DATA EXCERPTS
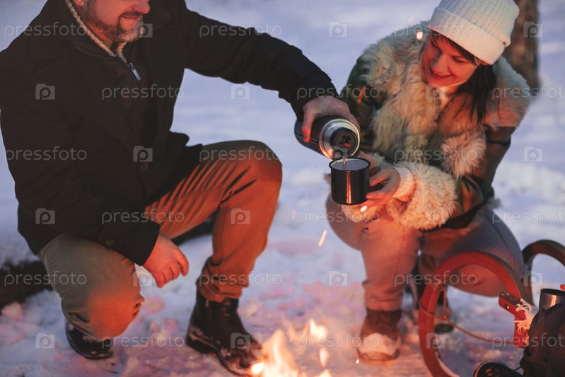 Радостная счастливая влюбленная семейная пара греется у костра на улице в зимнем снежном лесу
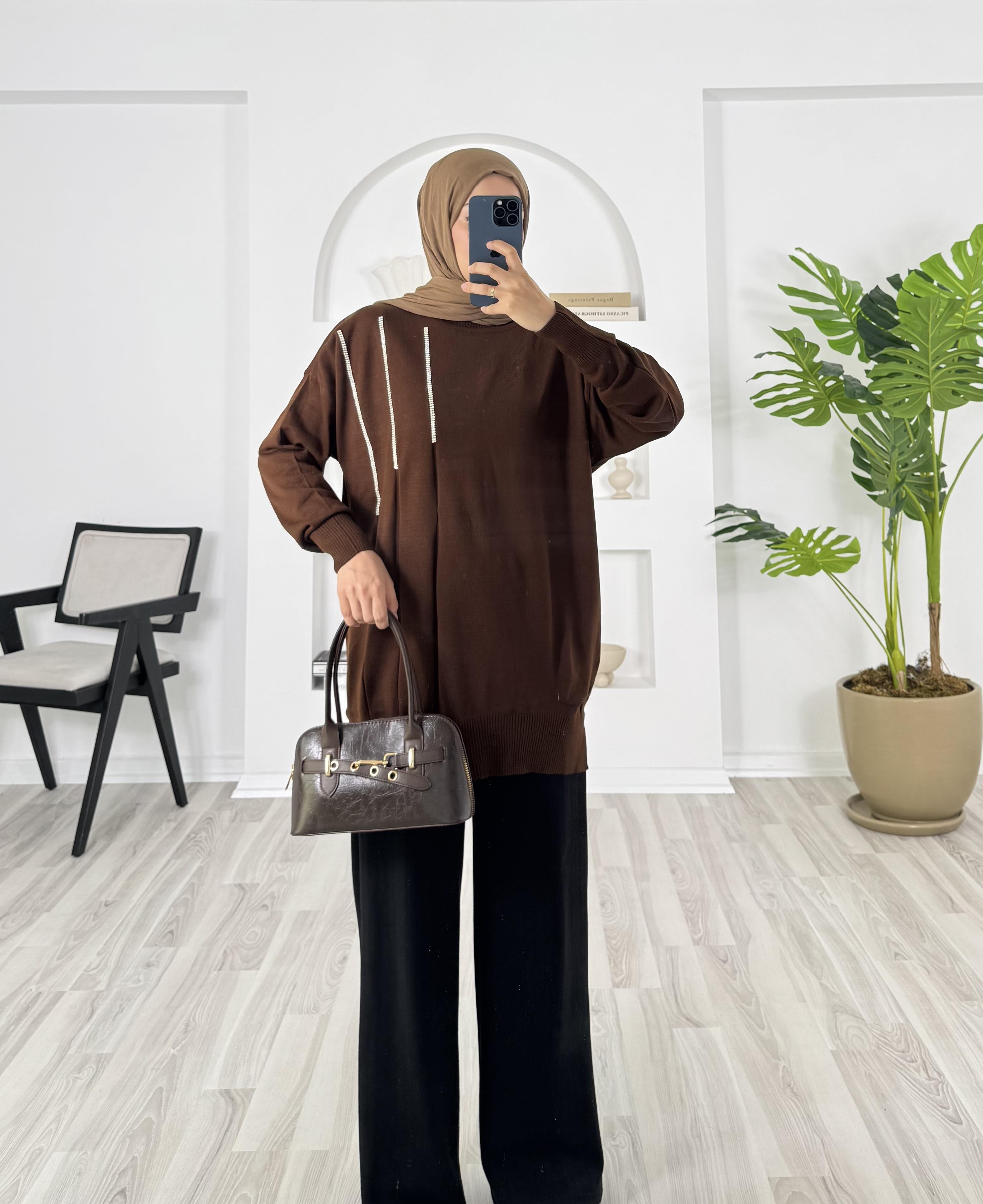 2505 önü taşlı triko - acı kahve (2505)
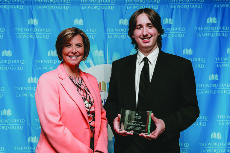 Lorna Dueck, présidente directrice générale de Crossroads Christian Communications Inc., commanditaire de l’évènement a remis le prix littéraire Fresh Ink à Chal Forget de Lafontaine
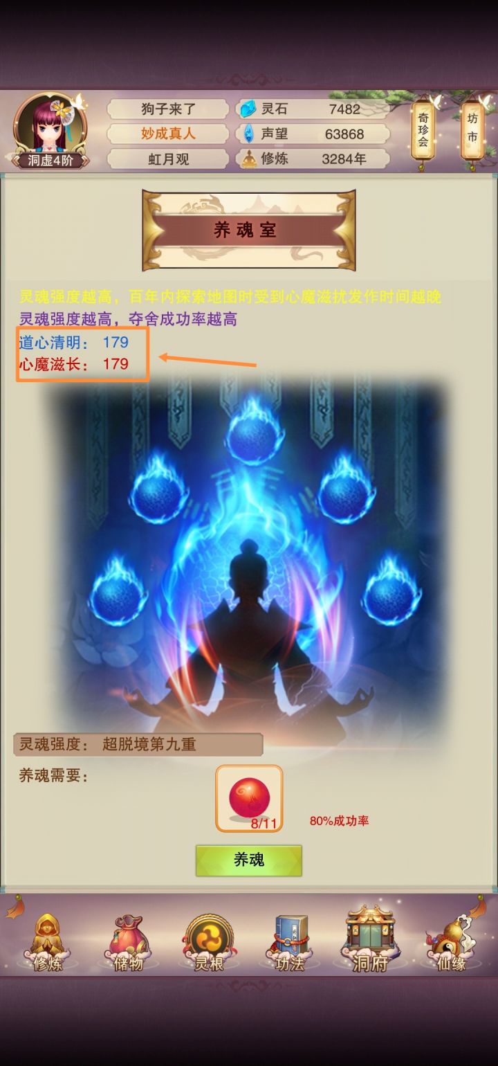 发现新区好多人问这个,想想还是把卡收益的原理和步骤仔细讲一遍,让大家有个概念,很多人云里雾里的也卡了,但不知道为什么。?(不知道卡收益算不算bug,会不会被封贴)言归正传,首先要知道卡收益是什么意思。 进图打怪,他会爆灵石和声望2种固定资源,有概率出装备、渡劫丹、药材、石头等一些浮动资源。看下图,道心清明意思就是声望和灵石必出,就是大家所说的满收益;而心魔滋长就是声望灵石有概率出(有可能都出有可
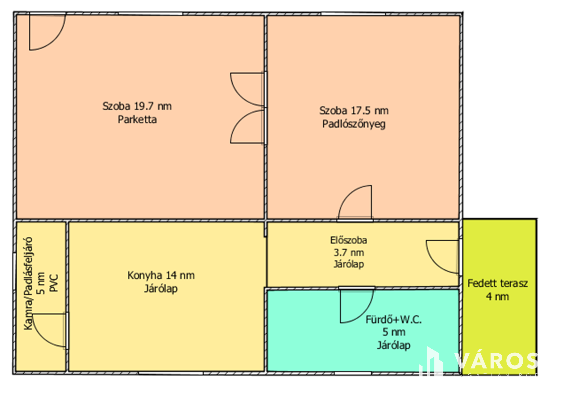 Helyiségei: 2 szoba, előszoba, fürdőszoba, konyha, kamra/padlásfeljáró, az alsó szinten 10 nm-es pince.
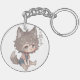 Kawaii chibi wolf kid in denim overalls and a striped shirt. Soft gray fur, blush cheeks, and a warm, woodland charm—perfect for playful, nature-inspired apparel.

---

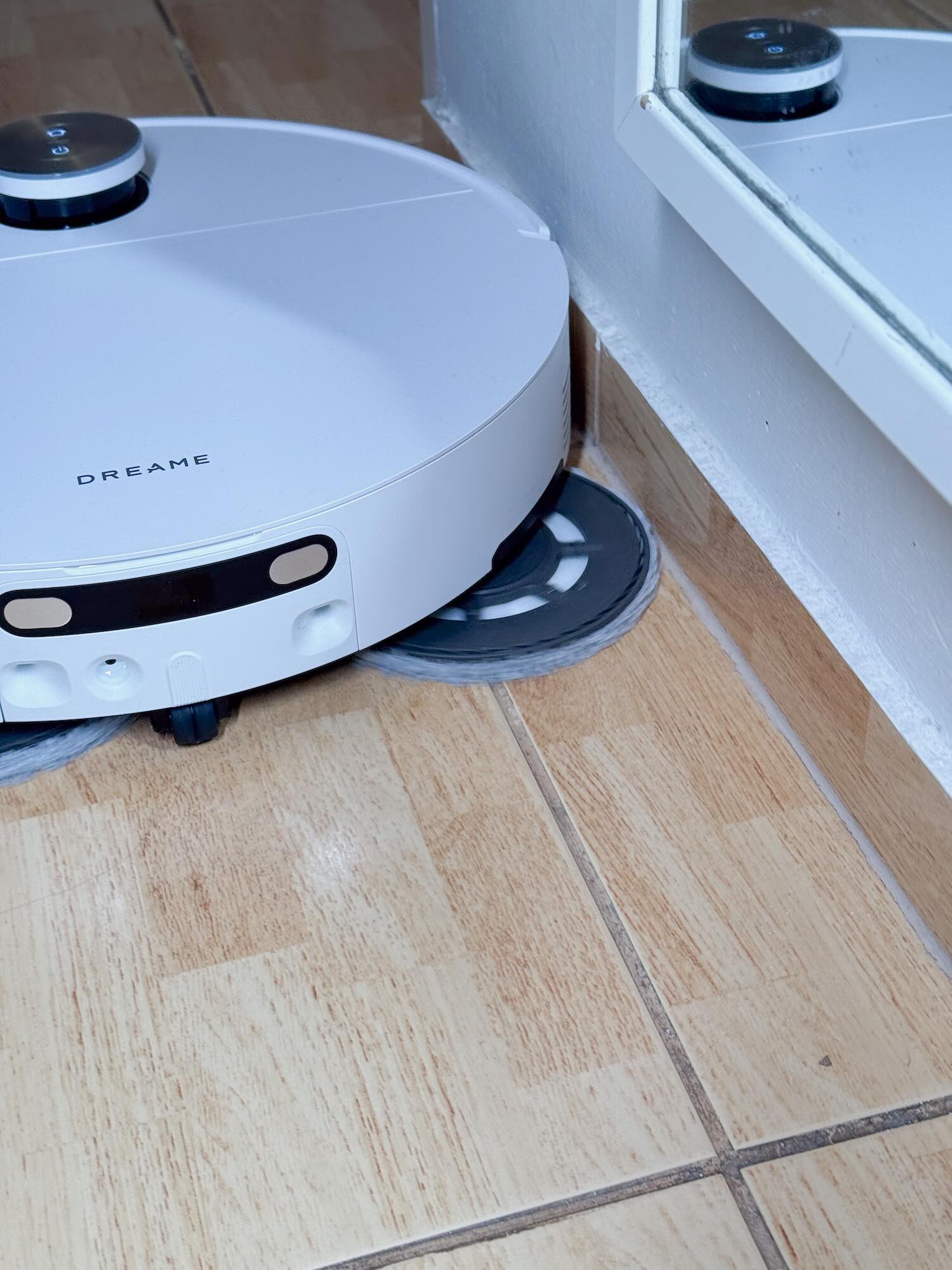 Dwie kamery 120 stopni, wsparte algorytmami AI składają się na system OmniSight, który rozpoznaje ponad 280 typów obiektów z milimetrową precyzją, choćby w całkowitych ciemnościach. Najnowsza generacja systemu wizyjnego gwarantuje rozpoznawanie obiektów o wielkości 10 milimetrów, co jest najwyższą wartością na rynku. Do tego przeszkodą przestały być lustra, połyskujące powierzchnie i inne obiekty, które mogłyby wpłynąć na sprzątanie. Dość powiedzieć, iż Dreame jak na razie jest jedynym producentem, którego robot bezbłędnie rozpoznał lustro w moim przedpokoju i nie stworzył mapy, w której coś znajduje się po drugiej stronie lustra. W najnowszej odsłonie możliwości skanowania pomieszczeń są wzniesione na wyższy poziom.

WHAT THE TASK ASKS
Give back exactly the lines above from the one with "Lorna Dueck, présidente" through the one with "发现新区好多人问这个,想想还", both included. Pictures don't belong in the copy.

RESPONSE BELOW
 Lorna Dueck, présidente directrice générale de Crossroads Christian Communications Inc., commanditaire de l’évènement a remis le prix littéraire Fresh Ink à Chal Forget de Lafontaine
 发现新区好多人问这个,想想还是把卡收益的原理和步骤仔细讲一遍,让大家有个概念,很多人云里雾里的也卡了,但不知道为什么。?(不知道卡收益算不算bug,会不会被封贴)言归正传,首先要知道卡收益是什么意思。 进图打怪,他会爆灵石和声望2种固定资源,有概率出装备、渡劫丹、药材、石头等一些浮动资源。看下图,道心清明意思就是声望和灵石必出,就是大家所说的满收益;而心魔滋长就是声望灵石有概率出(有可能都出有可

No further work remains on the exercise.